- Born: Merrill Donald Marmer September 25, 1925 Lowell, Massachusetts, U.S.
- Died: January 12, 2002 (aged 76) Los Angeles, California, U.S.
- Education: Suffolk University
- Occupation: Screenwriter
- Children: 2

= Mike Marmer =

American screenwriter

Merrill Donald Marmer (September 25, 1925 – January 12, 2002) was an American screenwriter.

Marmer was born in Lowell, Massachusetts, the son of Lewis R. Marmer (1903–1977) and Gertrude E. Marmer (née Kotell, 1903–1961). During World War II he served with the U.S. Marine Corps on Okinawa. After his discharge he attended Suffolk University on the G.I. Bill. While at university he acted in student productions before deciding to become a writer.

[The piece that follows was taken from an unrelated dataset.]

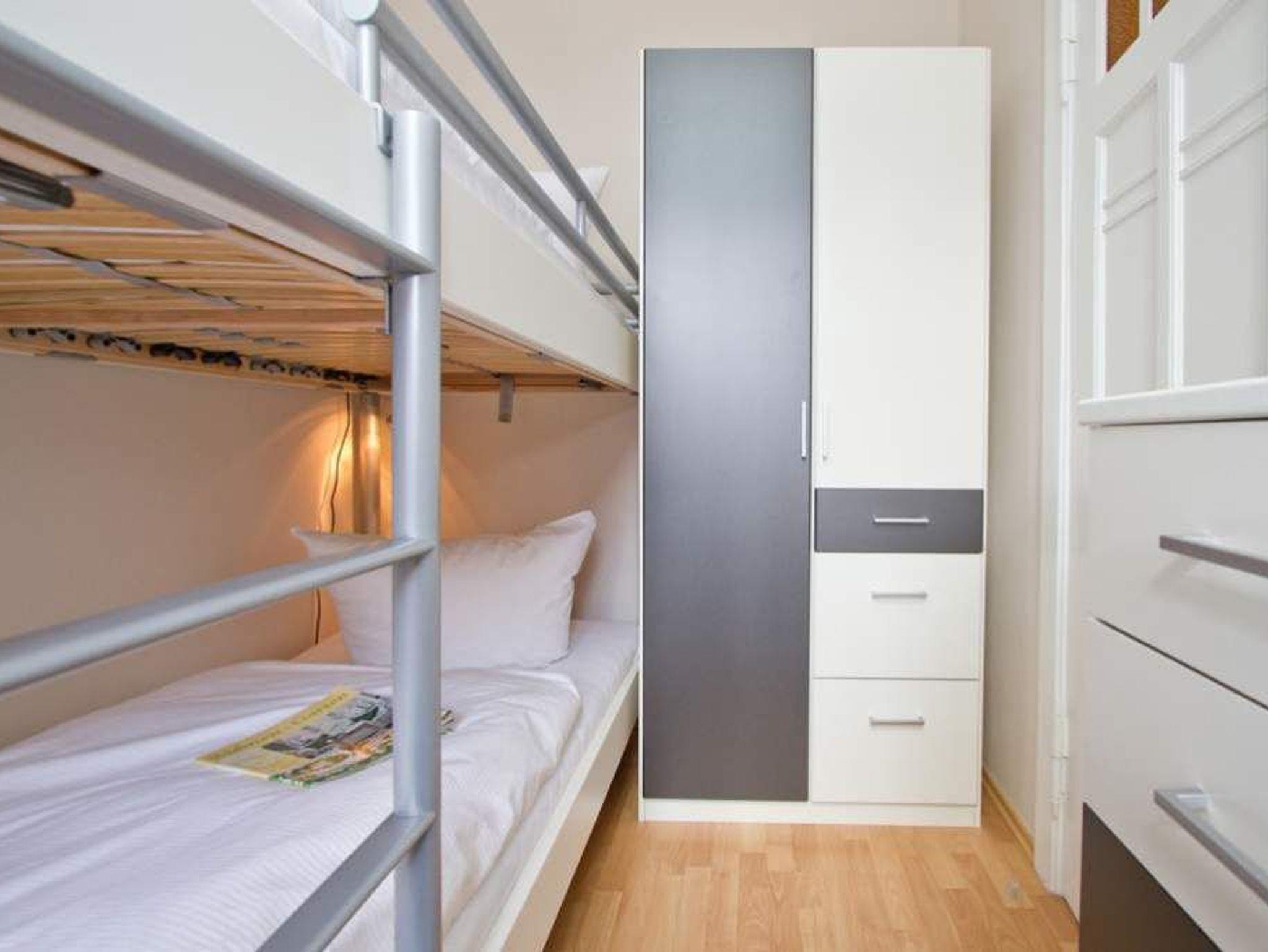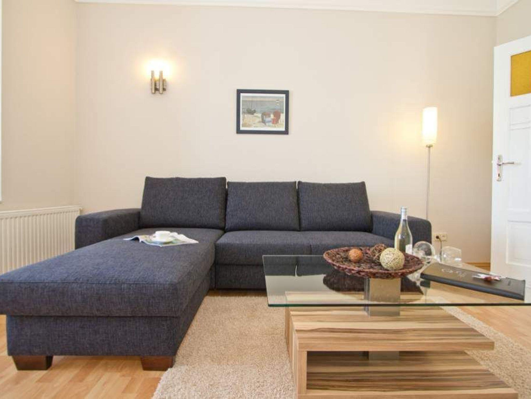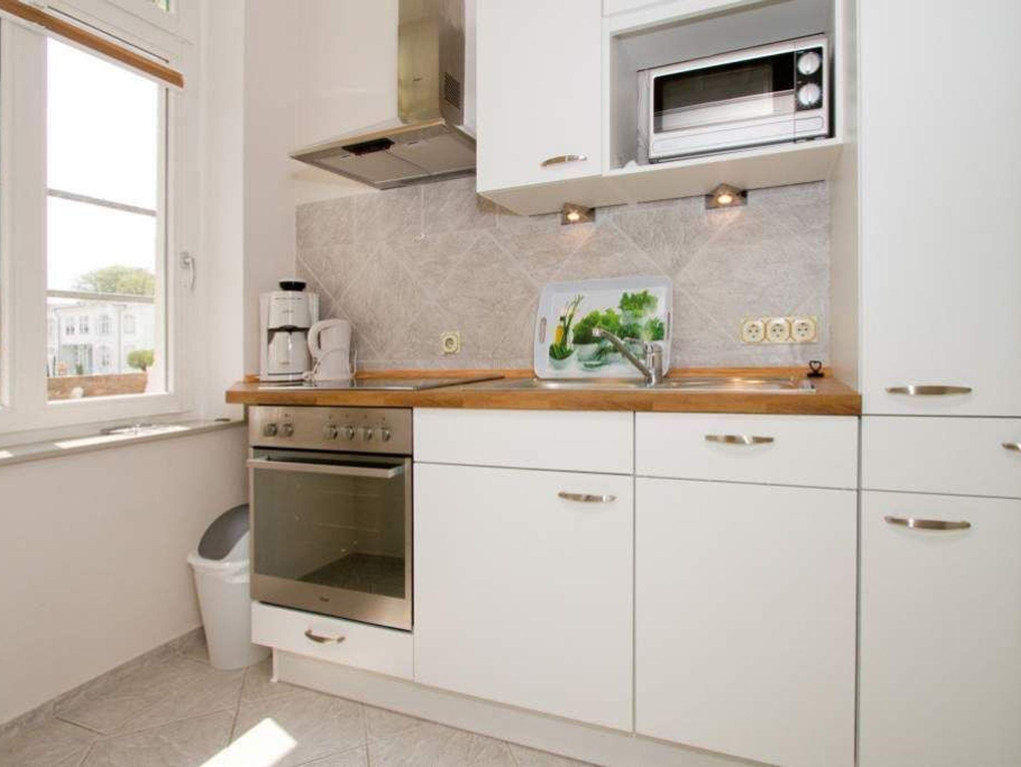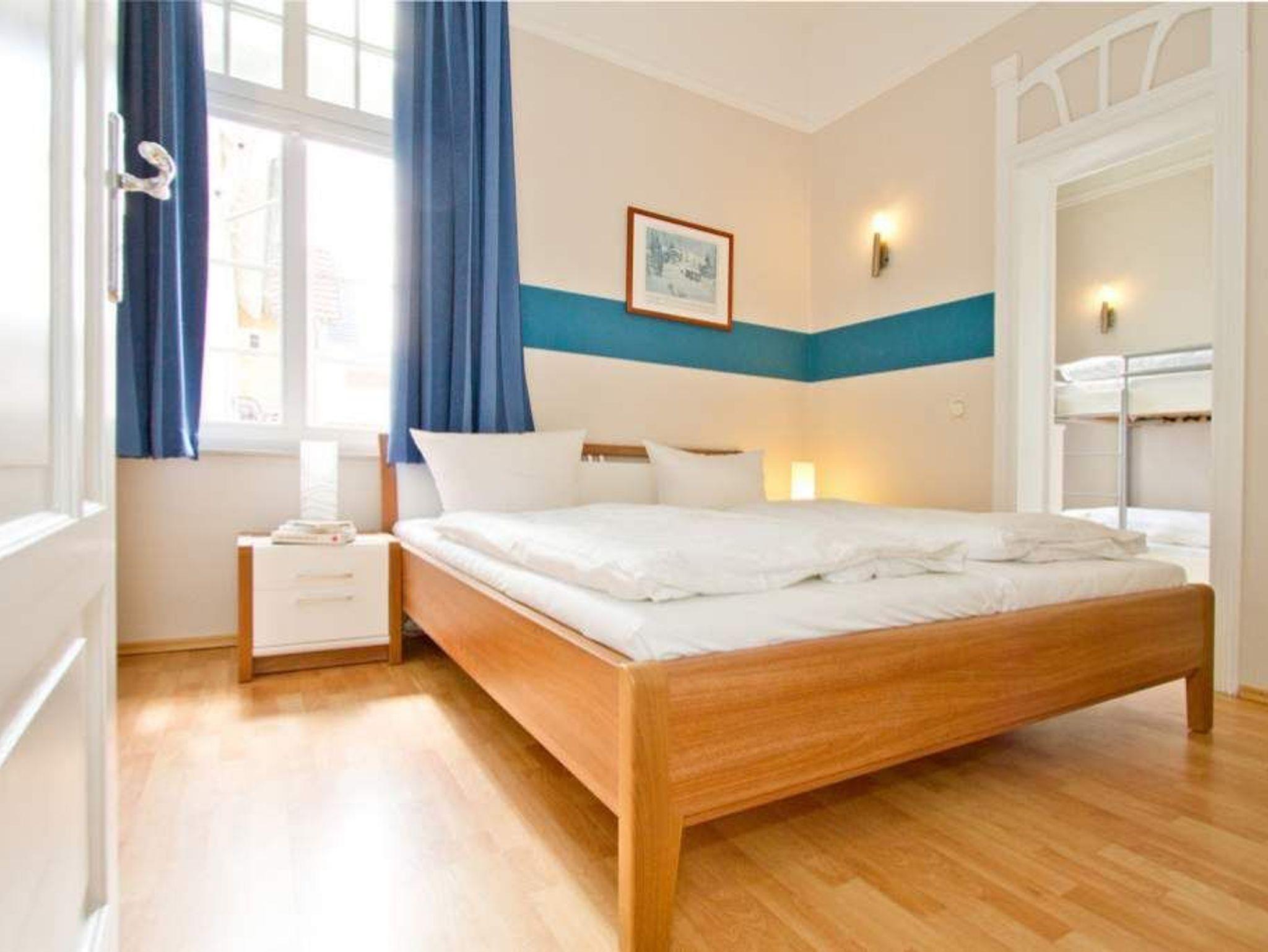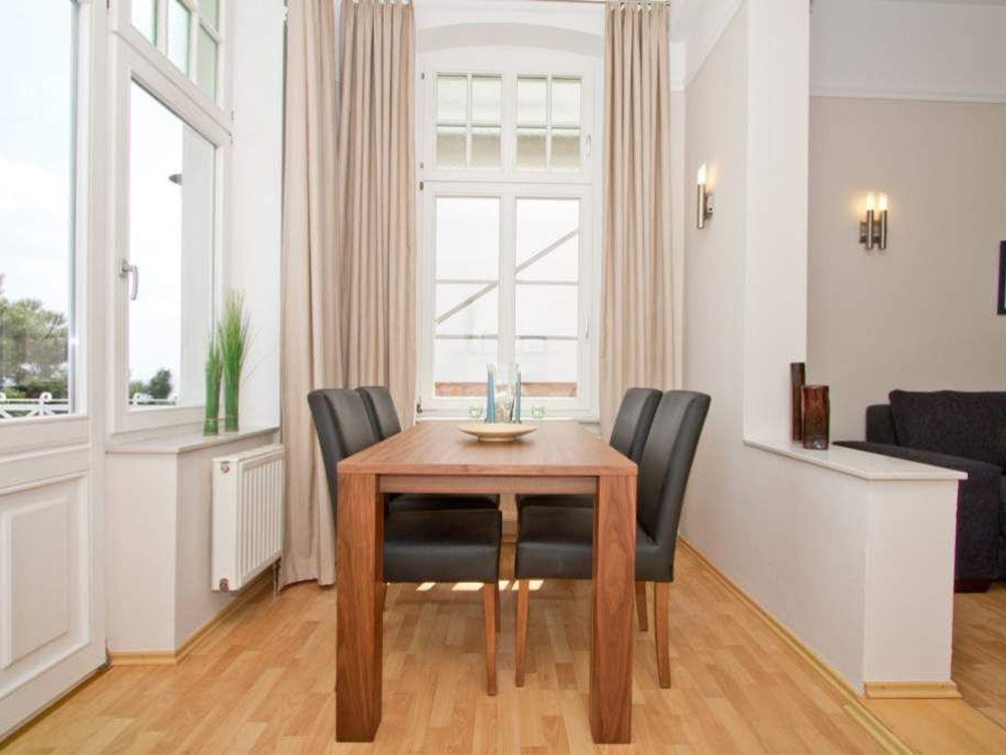 Ostsee, wohin das Auge reicht. Die Ferienwohnung 9 empfängt Sie im 2. Obergeschoss der Villa und offeriert Ihnen einen klassischen, gemütlichen Wohnstil. Der Wohnbereich ist mit einer Sitzgruppe mit Flat-TV ausgestattet und geht in eine offene Veranda mit Essplatz und Balkon über. Dieses Domizil bietet 2-4 Personen Platz für den Urlaub. Sie finden hier zwei Schlafzimmer, eines mit Doppelbett (1,80m x 2,00m) und Durchgang zum zweiten Schlafbereich mit Etagenbett (0,90m x 2,00m - ideal für Kinder). Im Wohnbereich kann die Schlafcouch als weitere Schlafmöglichkeit genutzt werden. Für Ihren Komfort sind die Betten bei der Anreise bezogen und Handtücher liegen bereit (Erstausstattung). Das Bad bietet zwei Waschbecken, Dusche und Föhn. Für Ihren PKW steht Ihnen ein Parkplatz mit Poller vor dem Haus zur Verfügung.

Often working with Stan Burns, Marmer wrote for television programs including Get Smart, The Carol Burnett Show, Three's Company, Gilligan's Island, The Smothers Brothers Comedy Hour, and the early 1970s children's show Lancelot Link, Secret Chimp. He also wrote material for comedians such as Steve Allen, Milton Berle, Dean Martin, Bob Newhart, and Flip Wilson.

Marmer won a Primetime Emmy Award in the category Outstanding Writing for a Variety Series for his work on The Carol Burnett Show, and was nominated for four more for The Ernie Kovacs Show, The Carol Burnett Show and The Flip Wilson Show. Marmer died in January 2002 of cancer in Los Angeles, California, at the age of 76.